When death happens out of sync with the circle of life, a strange type of time mapping begins – at least it did for me. It started with identifying current time in hours since Kalei’s death, rather than the actual clock time itself. It was not 6:00 o’clock or 10:00 o’clock; it was 10 hours since she died and then 14 hours since she died and so on.
Far too soon, I had to acknowledge the word ‘day’ in my new time perspective. At 8:05 AM every morning my mind would remind me it was one day and then two, three, four, five and finally six days since her earth life ended. Just when I was learning how to manage days, I was forced to acknowledge the word ‘week’. I asked myself, how can it be a whole week? She just died a heartbeat ago! With the chaos of the funeral over and the rest of the world gone back to their regular lives, I felt very alone with the profoundness of time in that moment.
Another major grief date was the change from weeks to one month. I asked myself, how can it be a whole month? She just died a heartbeat ago. One month seemed so much longer than four weeks! I found it hard to believe I had managed to keep living for that long. You see, unless I was in La La Land (Chapter 8), I wanted to die. As a matter of fact, in the early days I was pretty sure that I would not make it much past her funeral. That I was still able to function in the Regular Universe one whole month after her death came as a surprise to me.

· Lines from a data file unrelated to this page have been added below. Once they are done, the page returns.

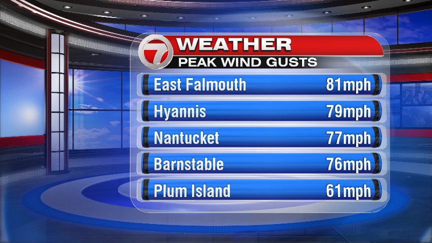 The winds cranked across the coast too, with gusts past 70mph common over the Cape and Islands. That, in combination with the heavy snow, led to widespread power problems again for South Shore and Cape towns.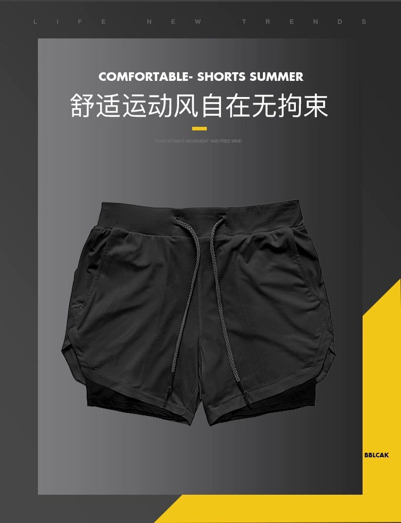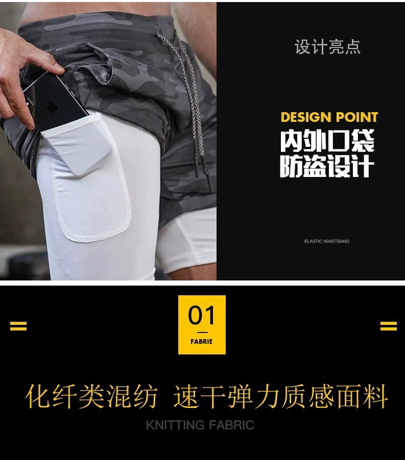 Choice Running Shorts Men's Mobile Phone Sports Thin Double-Layer Training Breathable Quick-Drying Elastic Shorts for Summer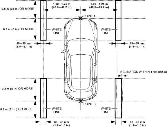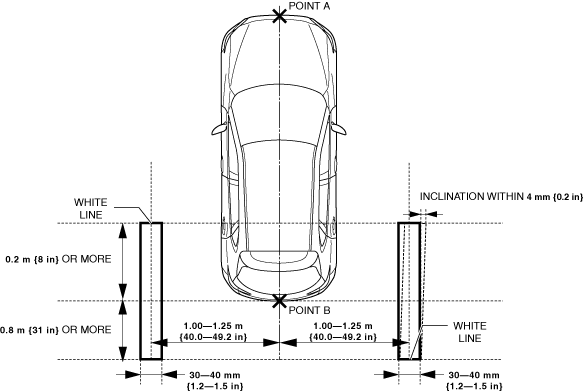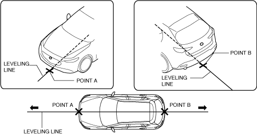7.Pull the leveling line towards the front and rear of the vehicle and adjust it so that it passes over points A and B.

Soon enough, like a run-a-way freight train, time took me to what would have been Kalei’s 17th birthday five months after her death. Again, thanks to La La Land, I was able to hold a birthday party for her. We all did our best to pretend it was a real birthday and Kalei was present, even if only in spirit. While the night felt special and I am glad I did it, the pain of that experience brought me to my knees the next day when the hollowness of the event kicked in. This time I asked myself, God why can’t you bring her back?
Her one year death anniversary seemed to mark the end of the grieving process for the rest of the world. Like bookends, her funeral at one end and the one year death anniversary at the other, their grieving process established clear start and finish dates. At first that change felt like abandonment because I thought everyone would continue keeping a dead Kalei as big a part of their lives as I did. I was wrong and rightfully so. Her place on their future blackboard (Chapter 24) would keep that from happening. Alone or not, I still asked myself, how can it be a whole year? She just died a heartbeat ago.
The instant life left my child’s body; I was thrown into The Lifetime I Could Not Imagine and time took on a significance that was and continues to be, new to me. Not only do I have to live through a series of imaginable but can-never-be milestones on behalf of my child, but I am continually being introduced to mind bending unimaginable ones. An example of the latter will occur on March 16, 2018. On that day, Kalei will have been dead longer than she lived. For many years that moment has been identified on my time map. Outside of a grieving parent, I don’t know that anyone else would know a day like this even exists.
Whether it is knowing time by the heartbeat or being a mom able to identify the date I spoke of above, the profoundness of grief time is something everyone should know about. Perhaps a kind word or phone call to someone you know or love on one of those days might be a much appreciated gift.